BRUCE Hancock knows firsthand the lasting beneficial effect Legacy has on the families of Australian service personnel.
Legacy is one of the charity partners, along with the Cronulla War Widows Guild, in the 2015 Australia Day celebrations.
Mr Hancock was three when his ex-serviceman father died.
"My mother was 28, with four children under nine, when my father died in March 1950," Mr Hancock said.
"Dad had been mobilised in March 1941 and was shipped to New Guinea in July 1942. After contracting malaria, his health severely deteriorated, leading to recurring malaria, and developing chronic nephritis and ureamia.
"He was medically evacuated back to Australia in December 1942, and after much hospitalisation he was discharged 'medically unfit' in December 1943.
"After many episodes in Greenslopes Repatriation Hospital, Brisbane, my father died from the effects of chronic nephritis and uraemia in March 1950, six months before my fourth birthday.
"Because of my young age, I don't recall the scope of support provided by Legacy in those early years but I do know that it was extremely difficult for a war-widowed single parent with a young family to survive on government support alone."
Mr Hancock's mother remarried and the family moved from Queensland to Cronulla in 1956.
Over the next 10 years, Legacy helped Mr Hancock and his siblings.
"Legacy was there for us in our growing years," he said.
Legacy is a uniquely Australian not-for-profit organisation, operating across each state with responsibility for just on 10,000 dependants of deceased or incapacitated Australian Defence Force personnel.

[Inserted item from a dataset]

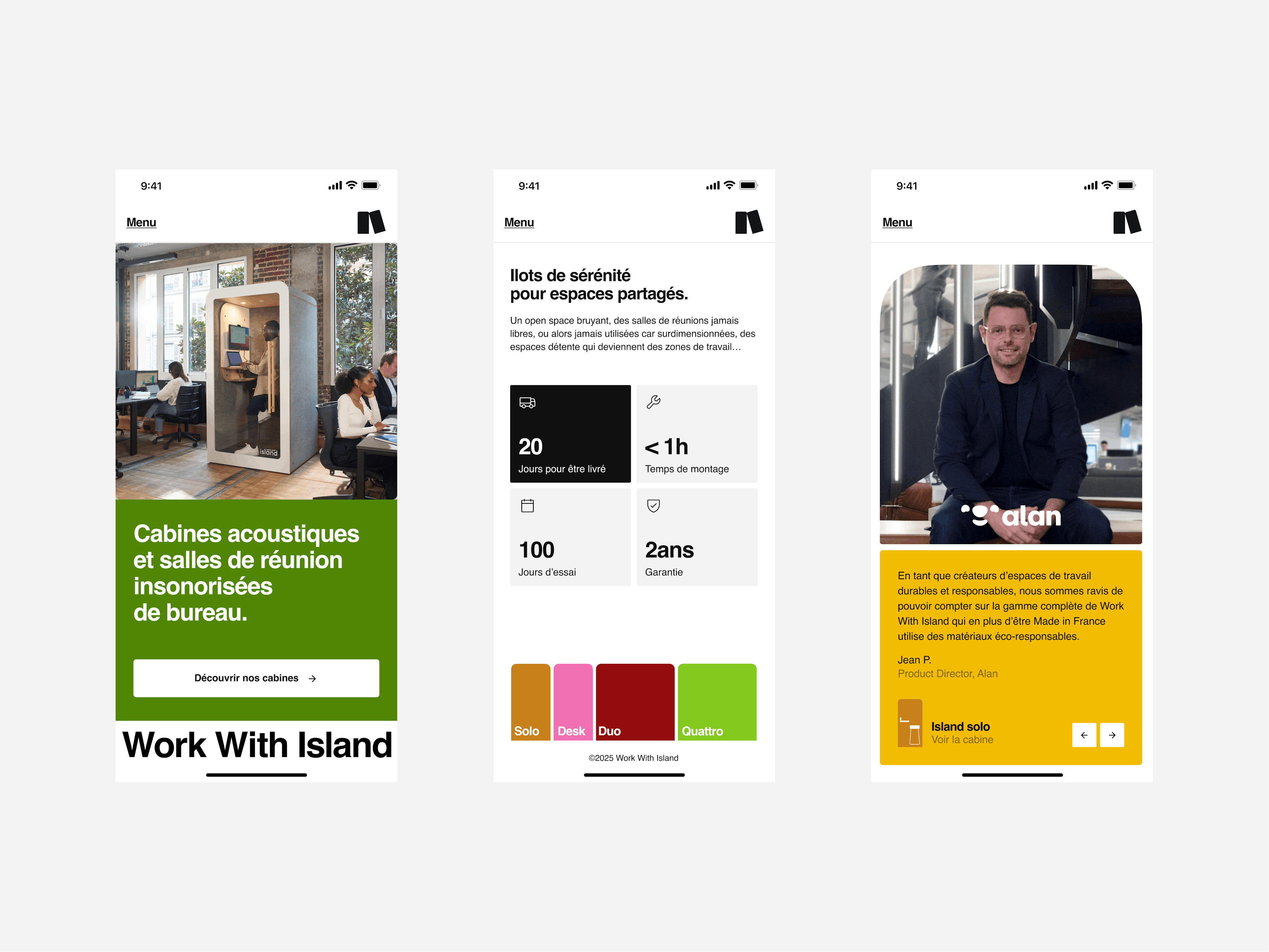 Pour hisser la marque à la hauteur de cette promesse, nous l’avons ramené à une culture du mobilier. Work With Island doit être celle qui habille le nouveau standard des espaces professionnels. Simple. Moderne. Universelle.

Nationally, that figure is 90,000.
Legacy assisted Mr Hancock as he studied for his trade apprenticeship.
"As a mark of my gratitude to Legacy, I became a Legatee with the St George Sutherland Division of Sydney Legacy, in August 2013, to help care for the dependants of deceased and incapacitated service personnel.
"Additionally, I have provisioned for a gift to Legacy in my will to help Legacy keep the promise to future generations."
The division covers a large geographical area and contains the highest number of Legacy dependants of all the NSW divisions.
"Geographically, we cover a broad region — south of Wolli Creek out to Riverwood, down to Heathcote, and then north back along the coastline to the Cooks River.
"Within the division, we support just under 2000 dependants, including widows, children and dependants with a disability.
"While we have widows in their 80s, we are getting younger widows and children who have lost a husband and father [who served in] the latter conflicts of Iraq, East Timor and Afghanistan, so our work goes on."